On the day I visited, Sullivan & Cromwell, still counsel to the debtors in the FTX bankruptcy, filed a first draft of a reorganization plan that appears to return its clients and creditors their money in full and more—$15 billion on $12 billion in claims—in large part because of investments Sam made through Alameda. The plan, which still has a long way to go before it can be confirmed, also grants Sullivan & Cromwell and other FTX advisors “immunity” from future lawsuits related to their conduct in the matter. This is not uncommon in reorganization plans. But Sam has detailed thoughts on the subject, which I may explore with him in subsequent conversations.

Custody transfer

I’m not sure how much longer Sam will stay at MDC, and neither is he. He’s asked to stay at least until the fall, to remain in Brooklyn while his appeal is filed. But that’s not up to him, of course. I’m told that if he’s transferred, which could happen at any time without warning or explanation, he’ll probably be sent to California, closer to Palo Alto, where he grew up and where his parents are both law professors at Stanford. At that point, the question will be whether he’ll spend his years in federal prison, which are mostly scary places filled with hardened criminals, or in a minimum-security prison more like the one Mike Milken once was.

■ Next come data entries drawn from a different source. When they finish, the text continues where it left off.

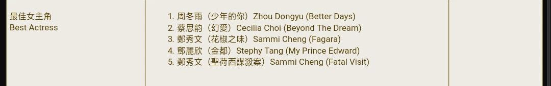 (以下为完整入围名单,较长,请您缓速下滑~)最佳影片入围1.《少年的你》2.《叔·叔》3.《花椒之味》4.《麦路人》5.《新喜剧之王》在线观看(✪ω✪)最佳导演入围曾国祥(少年的你)周冠威(幻爱)3. 杨曜恺(叔‧叔)4. 麦曦茵(花椒之味)5. 叶伟信(叶问 4 完结篇)最佳编剧入围1. 林咏琛、李媛、许伊萌(少年的你)2. 曾俊荣、周冠威(幻爱)3. 杨曜恺(叔‧叔)4. 麦曦茵(花椒之味)5. 黄绮琳(金都)最佳男主角入围1. 易烊千玺(少年的你)2. 古天乐(犯罪现场)3. 太保(叔‧叔)4. 朱栢康(金都)5. 郭富城(麦路人)最佳女主角入围1. 周冬雨(少年的你)2. 蔡思韵(幻爱)3. 郑秀文(花椒之味)4. 邓丽欣(金都)5. 郑秀文(圣荷西谋杀案)最佳男配角入围1. 姜皓文(犯罪现场)2. 卢镇业(叔‧叔)3. 张达明(麦路人)4. 万梓良(麦路人)5. 张琪(新喜剧之王)最佳女配角入围1. 区嘉雯(叔‧叔)2. 赖雅妍(花椒之味)3. 鲍起静(金都)4. 刘雅瑟(麦路人)5. 蔡卓妍(圣荷西谋杀案)最佳新演员入围1. 易烊千玺(少年的你)2. 刘俊谦(幻爱)3. 区嘉雯(叔‧叔)4. 鄂靖文(新喜剧之王)5. 李宛妲(叶问 4 完结篇)最佳摄影入围1. 余静萍(少年的你)2. 司徒一雷(幻爱)3. 谢忠道(犯罪现场)4. 叶绍麒(花椒之味)5. 郑兆强(叶问 4 完结篇)最佳剪接入围1. 张一博(少年的你)2. 罗永昌、邹耀衡(犯罪现场)3. 张叔平、陈序庆(叔‧叔)4. 张叔平、钟家骏(金都)5. 张嘉辉(叶问 4 完结篇)最佳美术指导入围1. 梁鸿鹄(少年的你)2. 陈七(犯罪现场)3. 张兆康(花椒之味)4. 文念中、利国林(麦路人)5. 麦国强(叶问 4 完结篇)最佳服装造型设计入围1. 吴里璐(少年的你)2. 潘燚森(叔‧叔)3. 张兆康(花椒之味)4. 文念中、陈宝欣(麦路人)5. 利碧君(叶问 4 完结篇)最佳动作设计入围1. 黄伟亮(犯罪现场)2. 钱嘉乐、钱家班、黄伟辉、邓瑞华、吴海堂(使徒行者 2 谍影行动)3. 董玮(征途)4. 韩平、吴海堂(扫毒 2 天地对决)5. 袁和平(叶问 4 完结篇)最佳原创电影音乐入围1. 贝尔(少年的你)2. 波多野裕介(花椒之味)3. 林二汶(金都)4. 金培达(麦路人)5. 川井宪次(叶问 4 完结篇)最佳视觉效果入围1. 潘国瑜(中国机长)2. 谭启昆、吴家龙、钟家豪、杨起超(使徒行者 2 谋影行动)3. 徐建、魏明、李帅(征途)4. 黄宏达(烈火英雄)5. 余国亮、马肇富、梁伟民、何文洛(扫毒 2 天地对决)新晋导演入围1. 文伟鸿(使徒行者 2 谍影行动)2. 黄绮琳(金都)3. 黄庆勋(麦路人)4. 梁国斌(狮子山上)5. 卓翔(戏棚)
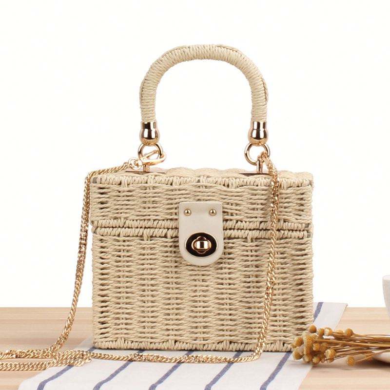 Wholesale Women's Shoulder Handle Woven Bag Small Square Box Paper Straw Beach Bag
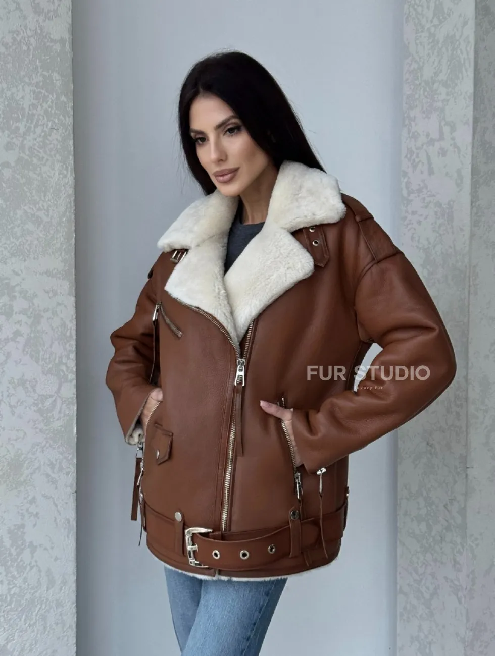 Дубленка авиатор из натуральной кожи в цвете виски – выбор современных девушек. Модель – тренд этого сезона. Мех овчины позаботится о комфортной температуре тела в прохладное время года. Необычный цвет виски подчеркнет оттенок волос и кожи владелицы. Качество изделия будет радовать хозяйку долгие годы.
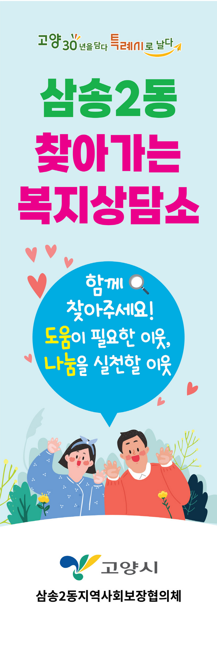[부자동네타임즈 김인수기자] 고양시 삼송2동행정복지센터(동장 양재관)가 오는 4월 4일부터 찾아가는 복지상담소를 운영한다. 삼송2동 찾아가는 복지상담소는 삼송마을 18단지를 시작으로 월 1회, 관내 공동주택 등 주민이 방문하기 쉬운 곳에서 운영된다.
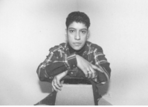 A black and white self-portrait of Alma, a femme non-binary artist with faded, short curly hair wearing a plaid long-sleeve shirt with their gaze fixed directly towards the camera with a stoic attitude, and their arms crossed in front of them resting on aCourtesy of Visual AIDS/Alma “Maritza” Cortes with Ann Meredith, Self Portrait, 1996, Black and white photograph, 16” x 20” Source: Arts Communities/AIDS Communities: Realizing the Archive Project
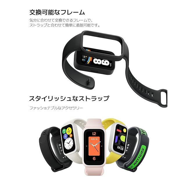 【カラフルなストラップと100種類以上のウォッチフェイス】バックルデザインは上質で美しいスタイリッシュなデザインで簡単に装着することができ、スタイルに合わせて個性を表現することができます。また、100種類以上のウォッチフェイスから自由に変更することができるため、好みに合わせストラップとともにカスタマイズをお楽しみください。

If he is indeed transferred out of Brooklyn, his family and legal team fear that he could end up spending up to four months on a bus, handcuffed to a seat, slowly making its way across the country. Such prison buses make frequent stops—to pick up new inmates, to drop off others—which explains why they take so long to reach their final destination. It’s also possible that he could be put on one of the many planes operated by the U.S. Marshals Service, aka “Con Air.” But they fear that he’d be more likely to get the infamous “diesel treatment.” Either way, on this hypothetical cross-country journey, Sam would be completely cut off from his family and lawyers until he reached his new home in California, deprived of the minimal internet and email access he currently enjoys in Brooklyn.

Just as we were about to discuss some of the tough stuff, like his choices at trial or the fact that many who had worked for him had betrayed him to save themselves, our meeting time was up. It was non-negotiable. We quickly shook hands again. Then Sam went back to his dorm and I went back outside on a beautiful spring afternoon.